▶ [Your instructions] Take the material below and extract the lines from the one with "6月7日,第30届中国日报社" through the one with "На сегодняшний день", word for word, without pictures.

▶ [Supplied data]
- - - - -
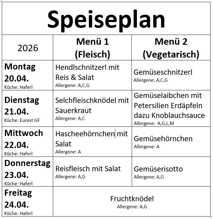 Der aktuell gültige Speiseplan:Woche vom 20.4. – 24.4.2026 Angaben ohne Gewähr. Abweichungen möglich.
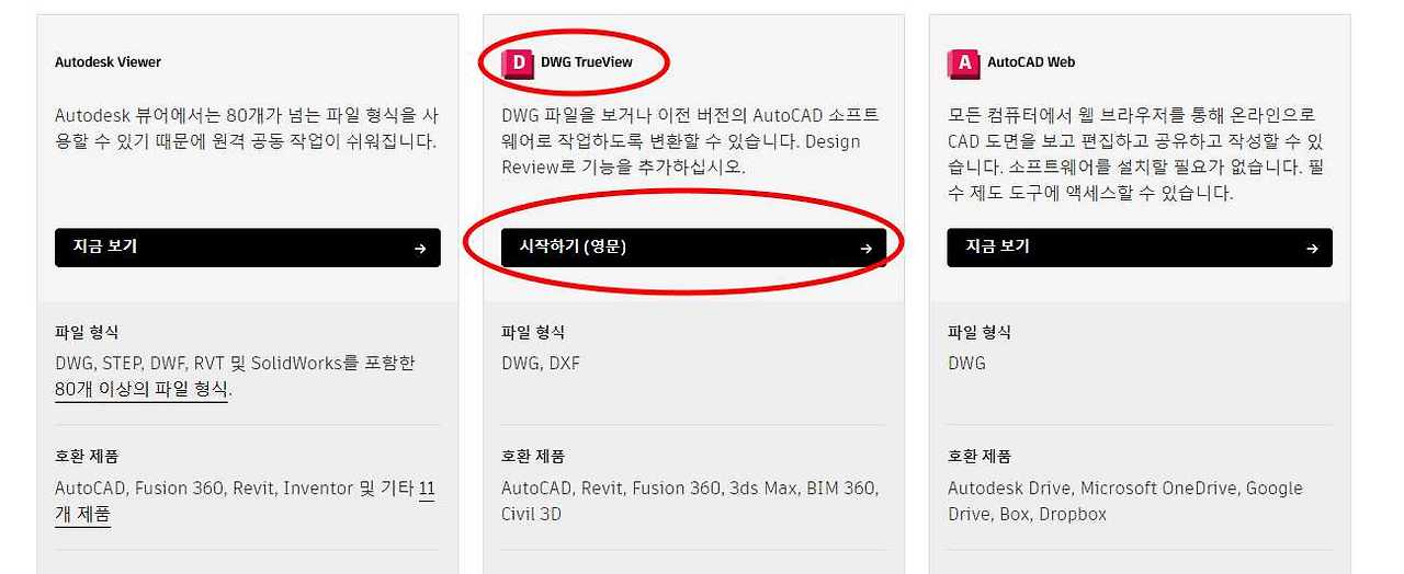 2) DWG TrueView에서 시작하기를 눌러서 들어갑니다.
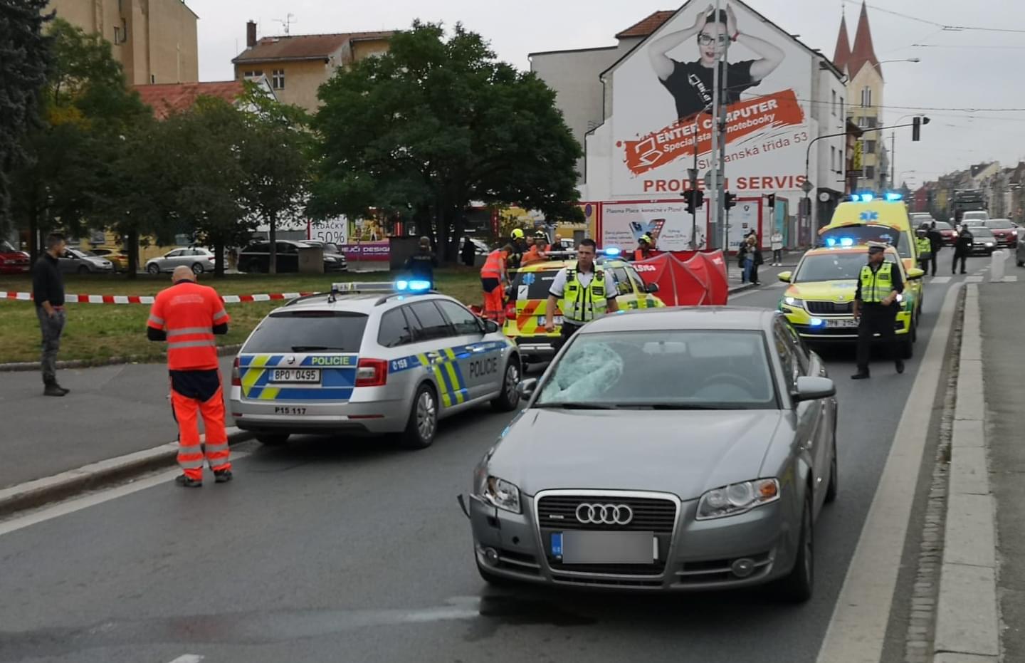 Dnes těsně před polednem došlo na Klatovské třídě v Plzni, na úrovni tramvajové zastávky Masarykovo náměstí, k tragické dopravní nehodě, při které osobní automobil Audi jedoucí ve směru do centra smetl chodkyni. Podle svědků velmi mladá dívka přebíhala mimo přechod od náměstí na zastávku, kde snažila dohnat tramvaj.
- - - - -
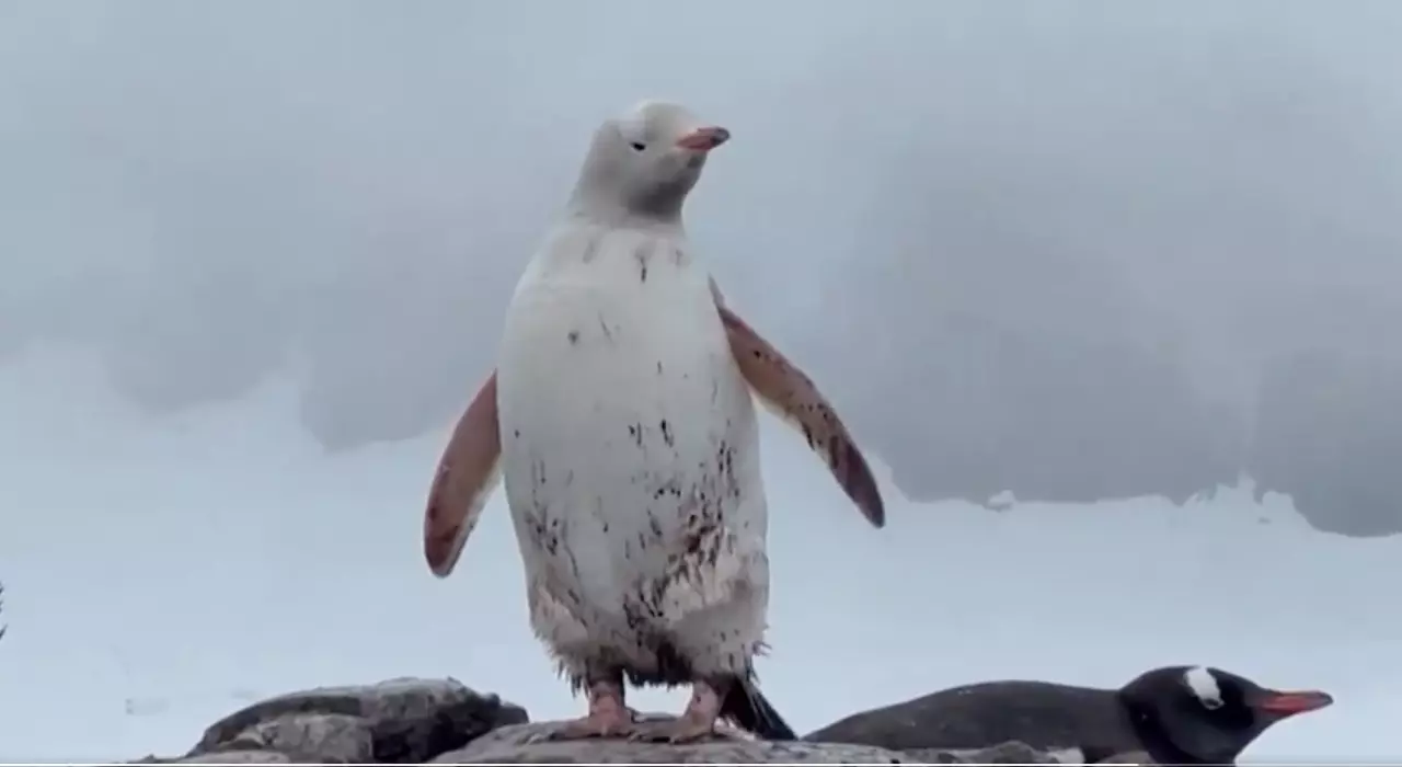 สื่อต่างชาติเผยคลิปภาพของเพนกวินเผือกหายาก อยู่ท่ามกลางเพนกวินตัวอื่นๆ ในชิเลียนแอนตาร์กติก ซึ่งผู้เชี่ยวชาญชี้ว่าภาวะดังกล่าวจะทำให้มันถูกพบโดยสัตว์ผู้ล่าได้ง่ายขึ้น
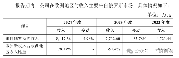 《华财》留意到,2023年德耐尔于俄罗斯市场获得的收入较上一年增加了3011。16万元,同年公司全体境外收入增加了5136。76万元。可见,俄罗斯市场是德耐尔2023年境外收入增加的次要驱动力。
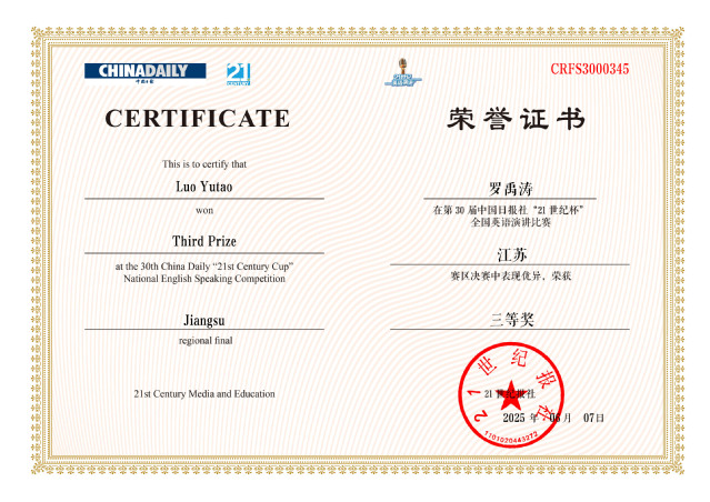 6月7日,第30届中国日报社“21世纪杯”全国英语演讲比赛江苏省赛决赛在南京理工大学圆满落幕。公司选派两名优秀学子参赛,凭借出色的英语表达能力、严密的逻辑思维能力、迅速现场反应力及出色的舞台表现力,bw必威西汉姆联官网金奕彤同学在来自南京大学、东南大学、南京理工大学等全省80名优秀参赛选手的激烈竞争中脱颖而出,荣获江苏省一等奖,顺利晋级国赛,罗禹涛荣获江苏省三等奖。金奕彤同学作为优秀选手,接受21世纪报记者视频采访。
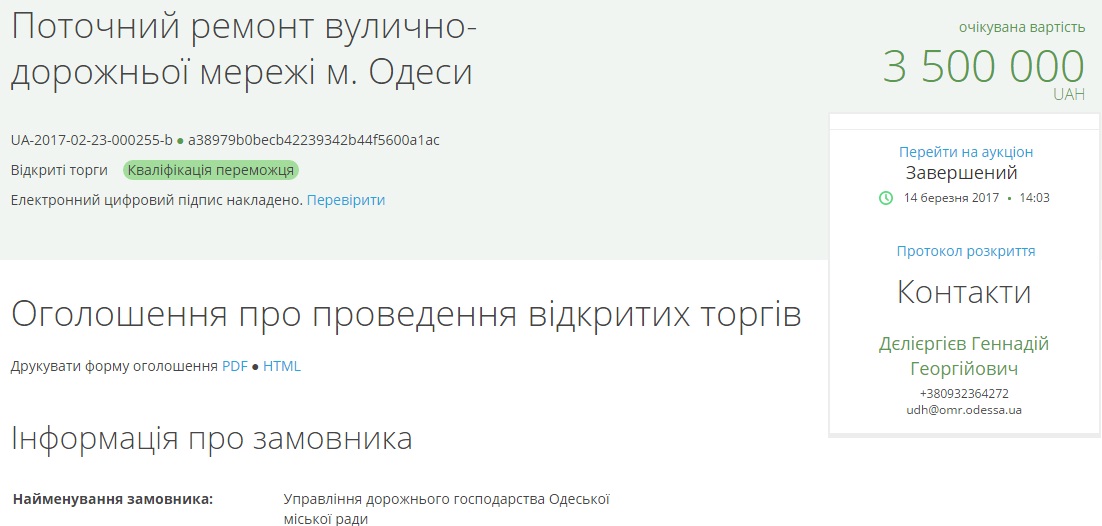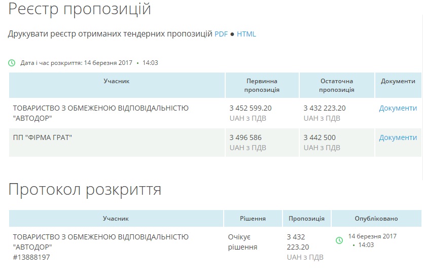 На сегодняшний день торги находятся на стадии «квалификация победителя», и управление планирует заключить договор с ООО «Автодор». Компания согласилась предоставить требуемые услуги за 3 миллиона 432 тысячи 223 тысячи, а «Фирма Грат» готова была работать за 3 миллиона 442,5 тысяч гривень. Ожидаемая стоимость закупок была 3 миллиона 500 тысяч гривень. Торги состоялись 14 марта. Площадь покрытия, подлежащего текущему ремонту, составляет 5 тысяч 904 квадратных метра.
- - - - -
▶ [The answer]
 6月7日,第30届中国日报社“21世纪杯”全国英语演讲比赛江苏省赛决赛在南京理工大学圆满落幕。公司选派两名优秀学子参赛,凭借出色的英语表达能力、严密的逻辑思维能力、迅速现场反应力及出色的舞台表现力,bw必威西汉姆联官网金奕彤同学在来自南京大学、东南大学、南京理工大学等全省80名优秀参赛选手的激烈竞争中脱颖而出,荣获江苏省一等奖,顺利晋级国赛,罗禹涛荣获江苏省三等奖。金奕彤同学作为优秀选手,接受21世纪报记者视频采访。
 На сегодняшний день торги находятся на стадии «квалификация победителя», и управление планирует заключить договор с ООО «Автодор». Компания согласилась предоставить требуемые услуги за 3 миллиона 432 тысячи 223 тысячи, а «Фирма Грат» готова была работать за 3 миллиона 442,5 тысяч гривень. Ожидаемая стоимость закупок была 3 миллиона 500 тысяч гривень. Торги состоялись 14 марта. Площадь покрытия, подлежащего текущему ремонту, составляет 5 тысяч 904 квадратных метра.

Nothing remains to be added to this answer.